The first thing Lisa noticed as she slowly regained consciousness was the weight. There was something pressing down on her back that she was aware of before her thoughts began to take shape again. Gradually, Lisa woke from her deep slumber, her mind slowly returning to full capacity.

She was lying face down on a bed. She drifted mentally for a moment, until the memories of what had happened to her before the darkness fell came back to her.

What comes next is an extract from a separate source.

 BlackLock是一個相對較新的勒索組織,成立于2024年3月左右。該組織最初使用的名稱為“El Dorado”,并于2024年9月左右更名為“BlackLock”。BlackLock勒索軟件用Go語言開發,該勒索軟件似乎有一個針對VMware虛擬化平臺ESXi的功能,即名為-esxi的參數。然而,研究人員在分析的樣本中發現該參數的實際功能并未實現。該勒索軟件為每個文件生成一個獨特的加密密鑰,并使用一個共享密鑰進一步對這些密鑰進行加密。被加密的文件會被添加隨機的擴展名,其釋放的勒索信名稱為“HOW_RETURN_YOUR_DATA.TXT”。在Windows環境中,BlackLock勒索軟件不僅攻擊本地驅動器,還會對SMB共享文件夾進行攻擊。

In quick succession, she remembered the spill. Then, the nightmare. Then, waiting in the hospital, feeling unwell. Being dragged back in by her mother a few moments later. And most of all, the pain. The dull, searing agony that shot through her back. It had felt like there was something in there, fighting to get out, putting unbearable pressure on Lisa's small frame. She recalled the moment of panic as it felt like she was being crushed by something inside. And then... nothing.

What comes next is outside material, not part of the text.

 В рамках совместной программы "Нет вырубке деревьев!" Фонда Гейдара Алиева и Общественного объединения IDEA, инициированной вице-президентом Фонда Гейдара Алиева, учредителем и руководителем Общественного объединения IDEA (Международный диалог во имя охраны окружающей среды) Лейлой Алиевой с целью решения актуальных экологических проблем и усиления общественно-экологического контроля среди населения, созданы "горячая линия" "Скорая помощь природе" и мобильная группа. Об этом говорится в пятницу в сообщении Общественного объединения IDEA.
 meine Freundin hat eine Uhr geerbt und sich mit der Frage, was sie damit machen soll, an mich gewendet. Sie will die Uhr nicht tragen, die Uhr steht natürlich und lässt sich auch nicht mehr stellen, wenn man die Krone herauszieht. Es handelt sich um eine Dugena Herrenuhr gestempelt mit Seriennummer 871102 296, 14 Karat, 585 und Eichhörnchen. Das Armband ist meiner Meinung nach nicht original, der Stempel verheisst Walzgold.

As the recollection came back to Lisa, it brought with it fear, fear of what had been wrong with her. She hoped the fertilizer she had been drenched it had had nothing to do with her problems, but Lisa wasn't naive enough to think that it wasn't related somehow. She didn't feel too bad now, but it was impossible to say what had happened to her.

Anxious to get a better idea of her surroundings, Lisa tried to sit up. But when she tried to move her limbs, she found she couldn't. She couldn't move!

Lisa began to tremble. She was still groggy and confused, but the stark realisation that she was trapped wherever she it was she was lying served to waken her quickly. Glancing from side to side, Lisa saw that her wrists were tied to the bed. When she tried to kick but her legs barely moved, she presumed her ankles were tied down as well.

By now, she was beginning to panic. Unsure of where she was, confused, alone, and terrified, she screamed in desperation, hoping that someone would hear.

"MMMOOOOOMMMM!!!"

Eventually, Lisa heard someone come into the room behind her. She was shaking by now, tears rolling down her face. She braced herself, hoping whoever it was behind her was friendly.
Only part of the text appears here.